PacketBuffer::InsertPacket向包缓存插入RTP数据，并触发帧完整性检查；
PacketBuffer::PaddingReceived处理空包，并触发帧完整性检查；
PacketBuffer::UpdateMissingPackets，更新丢包信息，用于检查P帧前面的空洞；
PacketBuffer::PotentialNewFrame，判断包的连续性，只有连续的包才检查帧完整性；
PacketBuffer::FindFrames，帧完整性检查，如果得到完整帧，则通过OnAssembledFrame回调上报。

5 查找参考帧 - RtpFrameReferenceFinder

在这里插入图片描述

上图描述了RtpFrameReferenceFinder的基本工作原理，顾名思义，RtpFrameReferenceFinder就是要找到每个帧的参考帧。I帧是GOP起始帧自参考，后续GOP内每个帧都要参考上一帧。

RtpFrameReferenceFinder维护最近的GOP表，收到P帧后，RtpFrameReferenceFinder找到P帧所属的GOP，将P帧的参考帧设置为GOP内该帧的上一帧，之后传递给FrameBuffer。

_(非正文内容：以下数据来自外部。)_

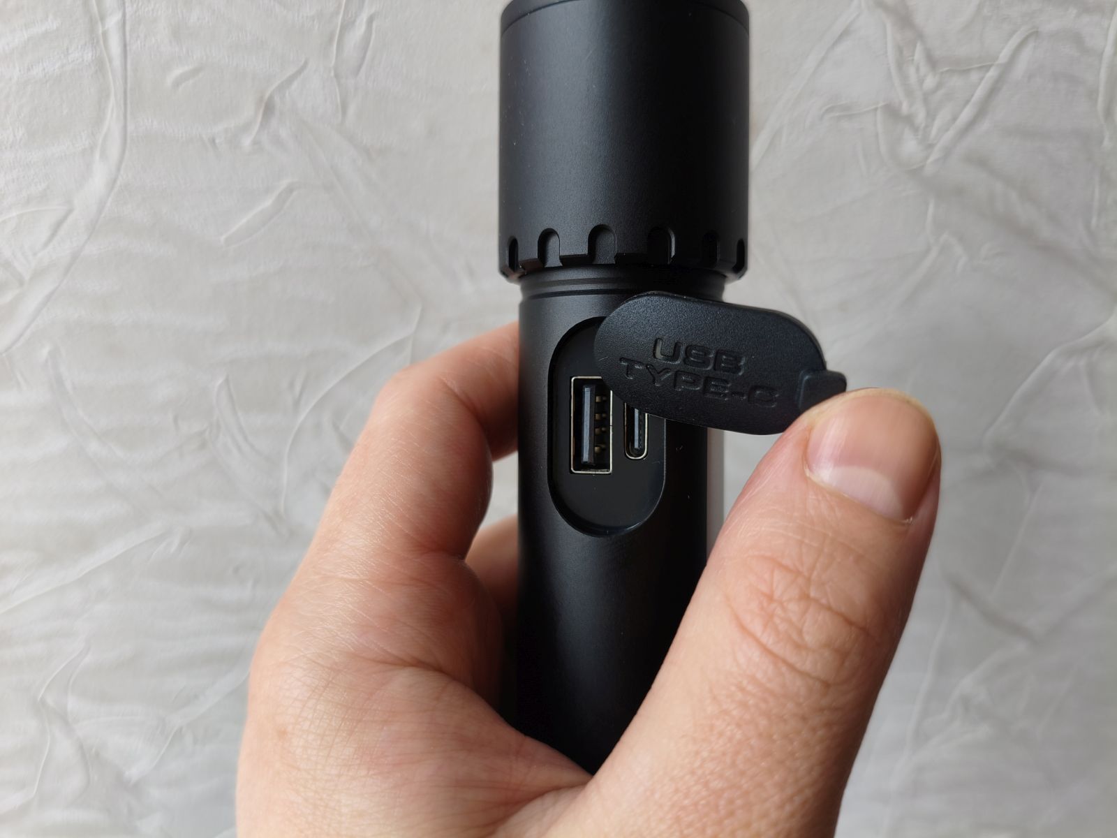 Защита от воды заявлена как полноценная, и судя по уплотнителям в районе разъемов, конструкция действительно рассчитана на дождь, брызги и влажную среду. Резиновые заглушки плотные, разъем Type-C защищен хорошо. В отзывах фонарь спокойно используют под дождем, в снегу, в сырых подвалах — проблем с влагой не отмечают. Это говорит о том, что герметизация здесь не формальная, а реально рабочая.

RtpFrameReferenceFinder还保证GOP内帧的输出连续，对H264来说，每收到一帧都判断该帧的第一个包的序列号是否与之前GOP收到的最后一个包序列号连续，是则输出连续帧，否则缓存等待直到连续；对VPX，只需要简单判断PID是否连续即可。这种连续传递的依赖关系会导致GOP内任一帧丢失则GOP内的剩余时间都处于卡顿状态。

5.1 图像ID - PID

PID(Picture ID)是每帧图像的唯一标识，VPX定义了PID，但是H264没有这个概念，RtpFrameReferenceFinder使用每帧的最后一个包的序列号作为H264帧的PID。

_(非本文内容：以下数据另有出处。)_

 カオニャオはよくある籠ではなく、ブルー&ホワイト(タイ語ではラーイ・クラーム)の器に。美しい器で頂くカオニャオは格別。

在一个GOP内，除了I帧、P帧之外，可能还有WebRTC为补偿发送码率填充的空包，也会占用一个序列号。I帧是GOP的开始，没有连续性问题，但是要判断当前收到的P帧是否连续则需要判断该P帧的第一个包序列号-1是否等于该GOP当前收到的最后一个包序列号，可能是上一帧的最后一个包，也可能是一个填充包。

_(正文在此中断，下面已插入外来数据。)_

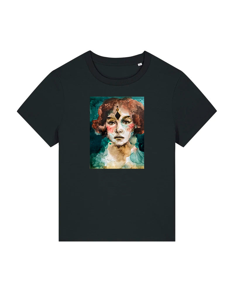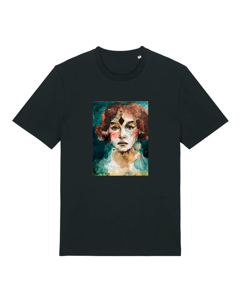 Laadukas 100% luomupuuvillainen t-paita jossa painatus Ria Bäckströmin taideteoksesta Ruutukuningatar. Saatavilla sekä unisex että naistenmalli. Istuvuus Mediun fit. Värit valkoinen ja musta.

RtpFrameReferenceFinder定义的的GOP表结构：

key	value
last_seq_num：I帧最后一个包序列号，PID	last_picture_id_gop：GOP内最新的一个帧的最后一个包的序列号，用于设置为下一个帧的参考帧。
last_seq_num：I帧最后一个包序列号，PID	last_picture_id_with_padding_gop：GOP内最新一个包的序列号，有可能是last_picture_id_gop，也有可能是填充包，用于检查帧的连续性。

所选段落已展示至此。